Since the electrical charge of cosmic rays means they can be deflected by magnetic fields, and the Sun has a powerful magnetic field, only the most powerful ones can strike the Sun. In turn, these powerful cosmic rays strike the dense part of the Sun’s atmosphere and create very powerful gamma rays. So the Sun is actually brighter in gamma rays above 1 billion electron volts than the Moon is.
The Sun’s 11-year cycle also affects the cosmic rays that strike the Moon, and the gamma rays that result. During that cycle, the Sun experiences variations in its magnetic field. As a result, sometimes more cosmic rays strike the Moon than other times. This variability in cosmic rays striking the lunar surface creates a variability in lunar gamma rays. According to Fermi data, it can vary by 20%.

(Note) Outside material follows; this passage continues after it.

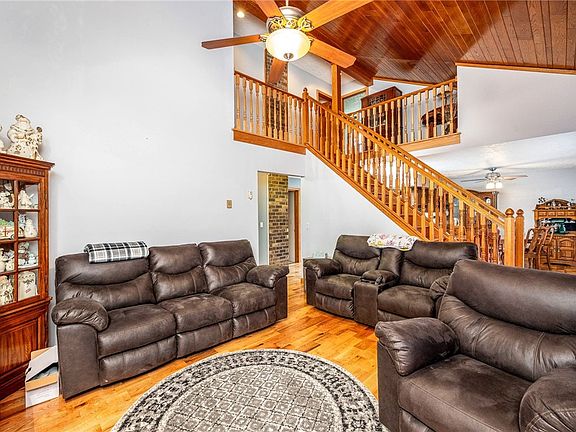 Welcome home to this amazing 3 bed|3 full bath|2 half bath all brick home on 5 acres! Walking up you will be greeted w/ a patio front porch area for sitting; inside an incredible finished basement space at ground level w/ an open-concept living room & additional kitchen, full bath, office space & storage. Upstairs you will find the main living space w/ a large 2-story living room w/ wood ceiling & hardwood floors; large eat-in kitchen open to the dining room w/ access to the backyard & a brand new second story deck with amazing views out the front; a bedroom & full bath finish off this floor. A beautiful staircase will lead you upstairs to the third floor where you will find 2 additional bedrooms & a third full bath. Outside get ready to love life with 5 acres, big deck, & party shed that features an outdoor kitchen & 1/2 bath. Additional features include 2 car garage & shop space w/ 1/2 bath & it's own entrance. This home has so much to love...you are going to want to move right in!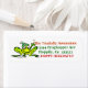 Make Christmas personalised return address labels with this cute cartoon frog with Christmas hat and red and green text colours.

Gamma rays coming from the Moon, and the cosmic rays that cause them, both pose a threat to astronauts because both are ionizing radiation with great penetrating power. It takes a lot of shielding to prevent them from striking astronauts. Materials with high atomic numbers are effective shields. Lead (atomic number 82) is a good shield because it’s also very dense.
For lower energy gamma rays, the risk to astronauts is due to exposure over time. Think of an x-ray technician vs. an x-ray patient. A patient’s lifetime exposure to x-rays is not very high, so a patient accepts the risk. For the technician however, things are different. They’re exposed each work day, so they leave the room and are shielded from the x-rays by materials like lead.
It’s similar for astronauts. The more time they spend on the Moon in a gamma ray/cosmic ray environment, the more they need to limit their exposure. Not only by shielding, but by timing.
This Fermi Gamma-Ray Space Telescope data is helping scientists understand the gamma ray/cosmic ray risk on the Moon. If there are times when the Moon emits 20% less gamma radiation because of the Sun’s 11-year cycle, then it may be sensible to make use of that time.
Exposure to radiation is one of the main barriers to space travel and long-term space missions. Earth’s magnetosphere and atmosphere are both radiation shields. But even in Low-Earth Orbit, astronauts risk exposure to greater radiation.
If we’re going to have a human presence on the Moon, it’s imperative that we understand the radiation environment there. NASA has been looking into the lunar radiation environment as far back as 2005 in anticipation of a human outpost on the Moon. When they launched the Lunar Reconnaissance Orbiter (LRO) in 2009, it contained an instrument called the Cosmic Ray Telescope for the Effects of Radiation (CRaTER).
CRaTER’s job is to characterize the Moon’s radiation environment and the biological impact it will have on astronauts. It uses plastics to mimic human tissue and placed them behind different shielding materials. At the time, Harlan Spence, the Principal Investigator CRaTER said, “Not only will we measure the radiation, we will use plastics that mimic human tissue to look at how these highly energetic particles penetrate and interact with the human body.”
The Fermi images of the Moon’s gamma rays are another piece of the radiation puzzle. And that’s a puzzle that has to be solved before there’s a realistic hope of a long-term lunar base, or crewed missions to Mars.